# PROBLEM REQUIREMENTS
When you reproduce the listing, keep every word as it is and drop the pictures.

# INFORMATION PROVIDED
• • • • • • •

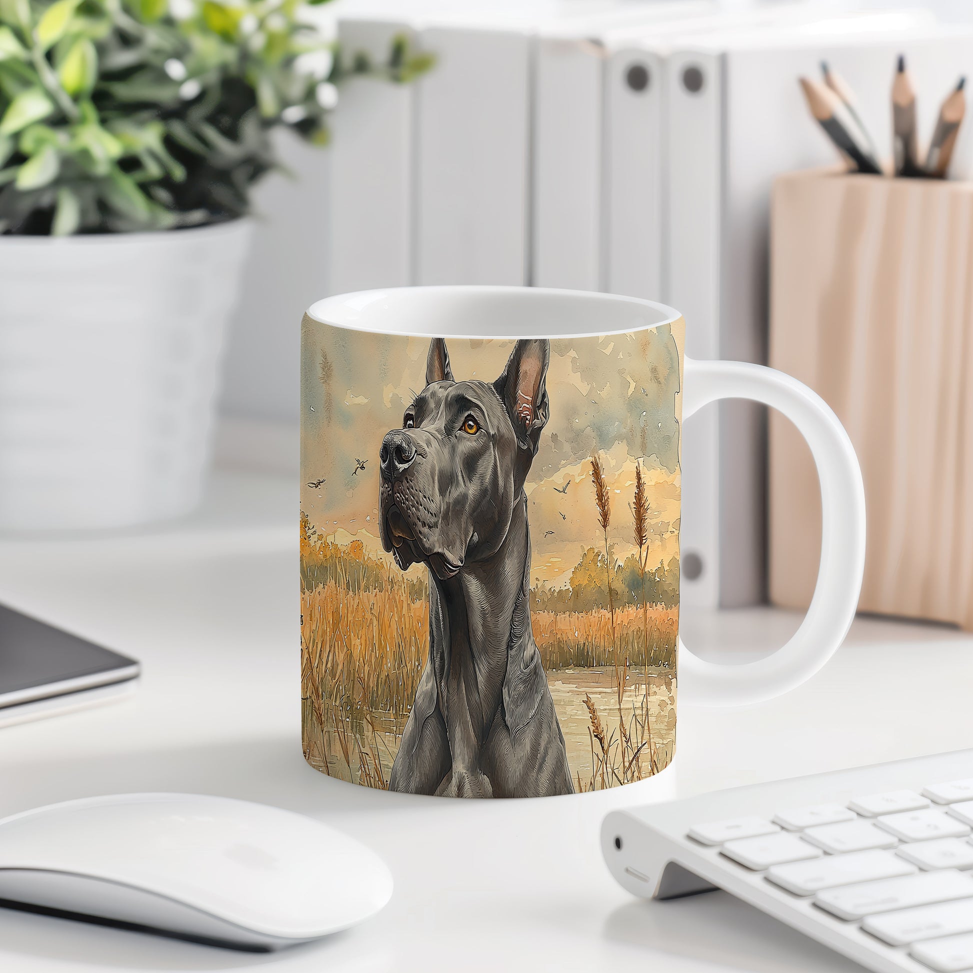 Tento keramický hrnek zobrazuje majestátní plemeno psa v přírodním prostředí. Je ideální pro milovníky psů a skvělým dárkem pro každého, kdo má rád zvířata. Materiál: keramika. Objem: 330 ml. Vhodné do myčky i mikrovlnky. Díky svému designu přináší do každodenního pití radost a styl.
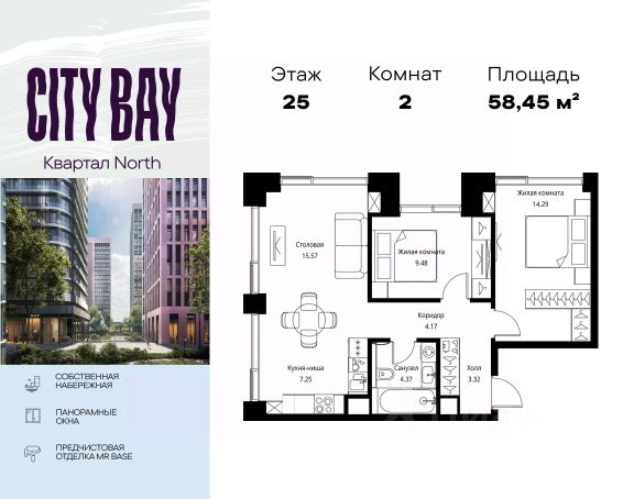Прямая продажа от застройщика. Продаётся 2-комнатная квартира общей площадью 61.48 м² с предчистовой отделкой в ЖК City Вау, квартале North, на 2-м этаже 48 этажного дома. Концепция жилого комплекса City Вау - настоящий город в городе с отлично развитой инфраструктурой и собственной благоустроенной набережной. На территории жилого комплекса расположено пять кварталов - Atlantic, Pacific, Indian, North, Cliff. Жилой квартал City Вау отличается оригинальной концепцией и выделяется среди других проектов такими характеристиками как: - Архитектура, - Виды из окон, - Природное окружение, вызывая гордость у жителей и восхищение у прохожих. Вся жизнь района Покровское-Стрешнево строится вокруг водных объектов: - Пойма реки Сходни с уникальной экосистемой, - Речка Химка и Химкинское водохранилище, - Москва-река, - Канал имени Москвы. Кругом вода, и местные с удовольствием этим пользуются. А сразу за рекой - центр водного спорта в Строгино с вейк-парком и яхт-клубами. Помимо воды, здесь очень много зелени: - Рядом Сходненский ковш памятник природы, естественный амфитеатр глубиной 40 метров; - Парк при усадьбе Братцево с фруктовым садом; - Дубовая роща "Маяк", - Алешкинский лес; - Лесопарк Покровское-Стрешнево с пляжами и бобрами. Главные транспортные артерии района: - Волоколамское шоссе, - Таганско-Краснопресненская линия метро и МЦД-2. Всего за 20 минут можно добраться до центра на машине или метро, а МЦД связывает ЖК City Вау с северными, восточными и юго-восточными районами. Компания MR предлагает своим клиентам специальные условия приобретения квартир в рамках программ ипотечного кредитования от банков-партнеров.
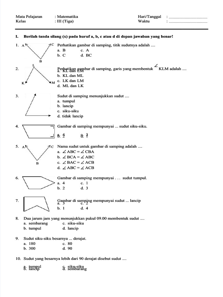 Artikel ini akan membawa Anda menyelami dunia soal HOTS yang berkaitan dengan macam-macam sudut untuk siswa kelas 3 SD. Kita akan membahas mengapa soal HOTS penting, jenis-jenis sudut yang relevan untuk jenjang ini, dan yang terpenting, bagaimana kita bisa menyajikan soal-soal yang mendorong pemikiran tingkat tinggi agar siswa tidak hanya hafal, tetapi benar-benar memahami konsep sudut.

• • • • • • •

# SOLUTION BELOW
 Tento keramický hrnek zobrazuje majestátní plemeno psa v přírodním prostředí. Je ideální pro milovníky psů a skvělým dárkem pro každého, kdo má rád zvířata. Materiál: keramika. Objem: 330 ml. Vhodné do myčky i mikrovlnky. Díky svému designu přináší do každodenního pití radost a styl.
Прямая продажа от застройщика. Продаётся 2-комнатная квартира общей площадью 61.48 м² с предчистовой отделкой в ЖК City Вау, квартале North, на 2-м этаже 48 этажного дома. Концепция жилого комплекса City Вау - настоящий город в городе с отлично развитой инфраструктурой и собственной благоустроенной набережной. На территории жилого комплекса расположено пять кварталов - Atlantic, Pacific, Indian, North, Cliff. Жилой квартал City Вау отличается оригинальной концепцией и выделяется среди других проектов такими характеристиками как: - Архитектура, - Виды из окон, - Природное окружение, вызывая гордость у жителей и восхищение у прохожих. Вся жизнь района Покровское-Стрешнево строится вокруг водных объектов: - Пойма реки Сходни с уникальной экосистемой, - Речка Химка и Химкинское водохранилище, - Москва-река, - Канал имени Москвы. Кругом вода, и местные с удовольствием этим пользуются. А сразу за рекой - центр водного спорта в Строгино с вейк-парком и яхт-клубами. Помимо воды, здесь очень много зелени: - Рядом Сходненский ковш памятник природы, естественный амфитеатр глубиной 40 метров; - Парк при усадьбе Братцево с фруктовым садом; - Дубовая роща "Маяк", - Алешкинский лес; - Лесопарк Покровское-Стрешнево с пляжами и бобрами. Главные транспортные артерии района: - Волоколамское шоссе, - Таганско-Краснопресненская линия метро и МЦД-2. Всего за 20 минут можно добраться до центра на машине или метро, а МЦД связывает ЖК City Вау с северными, восточными и юго-восточными районами. Компания MR предлагает своим клиентам специальные условия приобретения квартир в рамках программ ипотечного кредитования от банков-партнеров.
 Artikel ini akan membawa Anda menyelami dunia soal HOTS yang berkaitan dengan macam-macam sudut untuk siswa kelas 3 SD. Kita akan membahas mengapa soal HOTS penting, jenis-jenis sudut yang relevan untuk jenjang ini, dan yang terpenting, bagaimana kita bisa menyajikan soal-soal yang mendorong pemikiran tingkat tinggi agar siswa tidak hanya hafal, tetapi benar-benar memahami konsep sudut.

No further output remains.